--- START ---

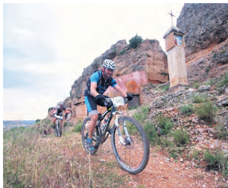
Los amantes de la BTT podrán recorrer todo el territorio del Matarraña.

Para este proyecto se aprovecharán algunas rutas ya existentes y se crearán otras alternativas para construir la red. En la actualidad el Matarraña cuenta con más de 500 km de rutas. Por el momento se desconoce el total de los kilómetros al finalizar el proyecto, aunque se estima que unos 100 kilómetros habrán de realizarse nuevos. La mayor parte de los trabajos consisten en la homologación y señalización
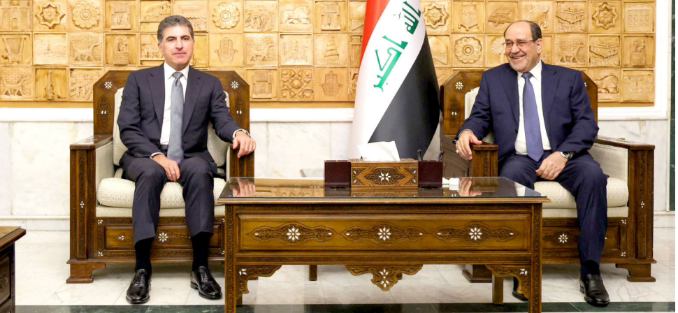
لقاء: نوري المالكي ونيجرافان البارزاني خلال لقائهما في بغداد

السياسي والأمني في البلاد والمنطقة، وأضاف ان (اللقاء تطرق إلى التحديات التي تواجه المنطقة وتداعياتها على العراق، وسبل إيجاد مخرج لازمات الراهنة، فضلا عن القضايا المتعلقة بمصالح المواطنين، والعمل على إيجاد حلول لتنظيم الالتزامات المتبادلة بين الحكومة الاتحادية والإقليم، وفقاً للدستور وما تم إقراره في قانون الموازنة العامة الاتحادية)، وشدد الجانبان على (أهمية التنسيق والتعاون المشترك بين القوى الوطنية لمواجهة التحديات في البلاد، بما يحقق مصالح جميع أبناء الشعب)، ووجه البارزاني (دعوة للمالكي لزيارة الإقليم)، من جانبه، رحب المالكي بالدعوة، معرباً عن أمه (في أن تسهم هذه الزيارة في تعزيز العلاقات والتفاهم بين الجانبين). كما بحث البارزاني مع رئيس تحالف السيادة خميس الخنجر، أبرز الملفات في الساحة العراقية من ضمنها ضرورة تمرير ورقة الاتفاق السياسي والملفات المتعلقة بين أربيل وبغداد، وقال بيان تلقته (الزمان) امس ان
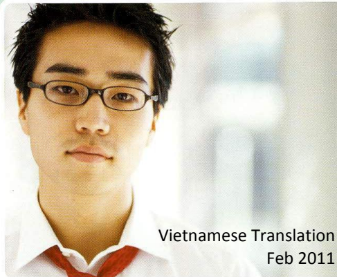
Vietnamese Translation Feb 2011

Thông tin này được cung cấp bởi Chương Trình San Francisco Hep B Free. Muốn biết thêm chi tiết, xin vào trang mạng SFhepBfree.org .
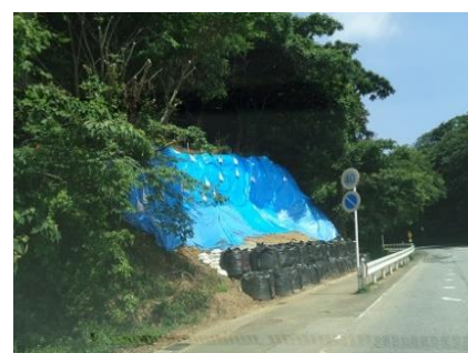
【 仮復旧対応の崩れた法面 】
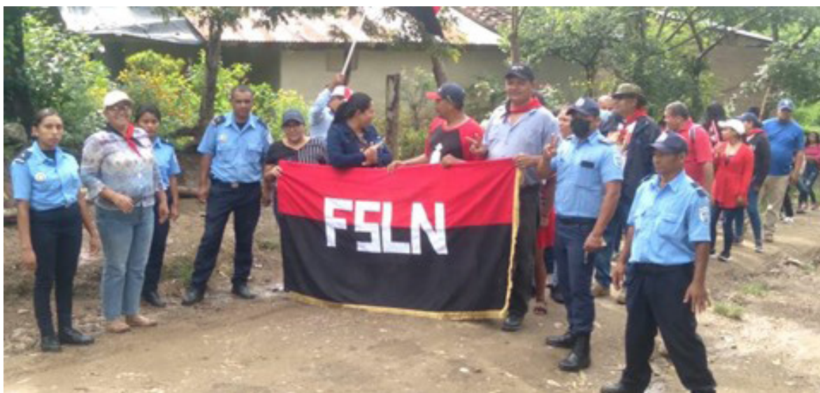
Imagen No. 6. Personal del Estado participando en actividades partidarias.
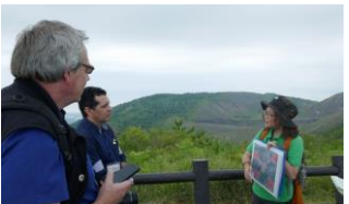
有珠山火口原展望台
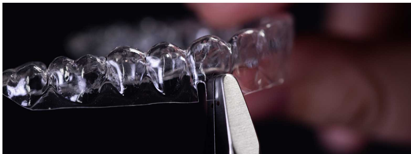
Doppio intaglio sopra al canino dell'arcata superiore

1. Modificare l'allineatore superiore (o gli allineatori) per l'uso di elastici negli intagli a fessura dell'allineatore: Usare una pinza per fessure degli allineatori per creare un doppio intaglio sul margine gengivale sopra ai canini superiori, dove si attaccherà l'elastico.
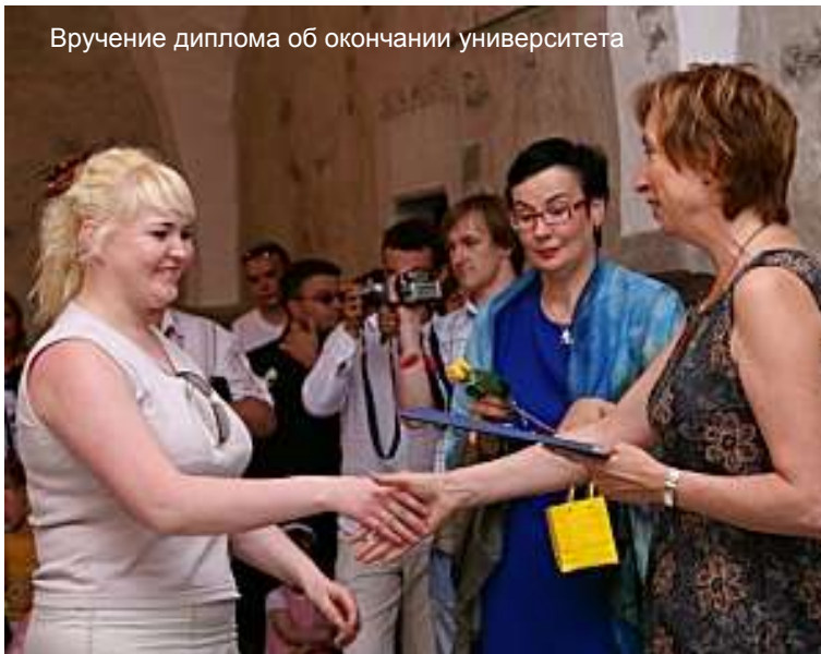
Вручение диплома об окончании университета

По словам Лукаса, снижение численности молодых людей студенческого возраста в определенной степени могут компенсировать люди, которые получают второе и третье высшее образование, однако этого недостаточно. Он добавил, что при общем сокращении численности студентов может увеличиться количество молодежи, которая будет обучаться в вузах на оплачиваемых государством местах.

--- END ---

(What is required): Copy every single line of the material above that holds "Matarraña".

(Answer section):
Los amantes de la BTT podrán recorrer todo el territorio del Matarraña.
Para este proyecto se aprovecharán algunas rutas ya existentes y se crearán otras alternativas para construir la red. En la actualidad el Matarraña cuenta con más de 500 km de rutas. Por el momento se desconoce el total de los kilómetros al finalizar el proyecto, aunque se estima que unos 100 kilómetros habrán de realizarse nuevos. La mayor parte de los trabajos consisten en la homologación y señalización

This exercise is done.